▶ Exercise prompt
Only the pictures are to be dropped, and the rest of the data should be copied exactly.

===== Dataset content

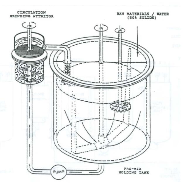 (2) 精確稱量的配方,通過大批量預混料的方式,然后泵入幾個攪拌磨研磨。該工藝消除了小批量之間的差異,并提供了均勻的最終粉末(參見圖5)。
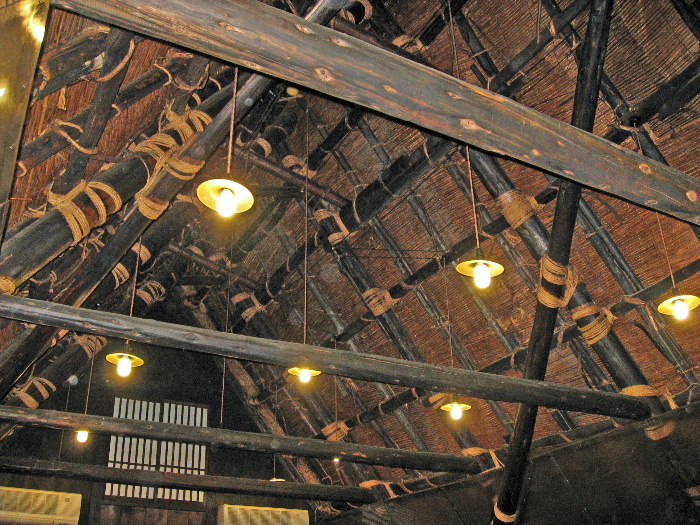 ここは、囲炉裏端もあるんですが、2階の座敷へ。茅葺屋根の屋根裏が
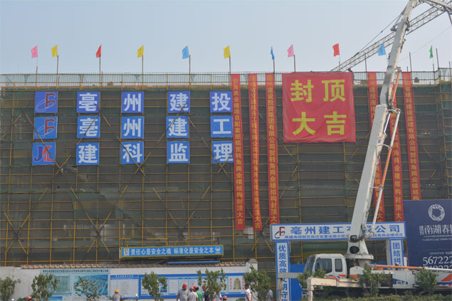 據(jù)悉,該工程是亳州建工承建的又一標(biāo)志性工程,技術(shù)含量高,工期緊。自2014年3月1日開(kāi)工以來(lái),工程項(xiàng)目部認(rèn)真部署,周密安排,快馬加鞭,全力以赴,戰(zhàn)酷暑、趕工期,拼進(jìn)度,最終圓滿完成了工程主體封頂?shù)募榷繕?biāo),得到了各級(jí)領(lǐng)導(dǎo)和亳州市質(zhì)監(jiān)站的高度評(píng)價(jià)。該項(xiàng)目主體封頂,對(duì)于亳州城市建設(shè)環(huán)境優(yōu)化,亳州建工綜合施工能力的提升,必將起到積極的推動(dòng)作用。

==========

▶ Result of this task
 (2) 精確稱量的配方,通過大批量預混料的方式,然后泵入幾個攪拌磨研磨。該工藝消除了小批量之間的差異,并提供了均勻的最終粉末(參見圖5)。
 ここは、囲炉裏端もあるんですが、2階の座敷へ。茅葺屋根の屋根裏が
 據(jù)悉,該工程是亳州建工承建的又一標(biāo)志性工程,技術(shù)含量高,工期緊。自2014年3月1日開(kāi)工以來(lái),工程項(xiàng)目部認(rèn)真部署,周密安排,快馬加鞭,全力以赴,戰(zhàn)酷暑、趕工期,拼進(jìn)度,最終圓滿完成了工程主體封頂?shù)募榷繕?biāo),得到了各級(jí)領(lǐng)導(dǎo)和亳州市質(zhì)監(jiān)站的高度評(píng)價(jià)。該項(xiàng)目主體封頂,對(duì)于亳州城市建設(shè)環(huán)境優(yōu)化,亳州建工綜合施工能力的提升,必將起到積極的推動(dòng)作用。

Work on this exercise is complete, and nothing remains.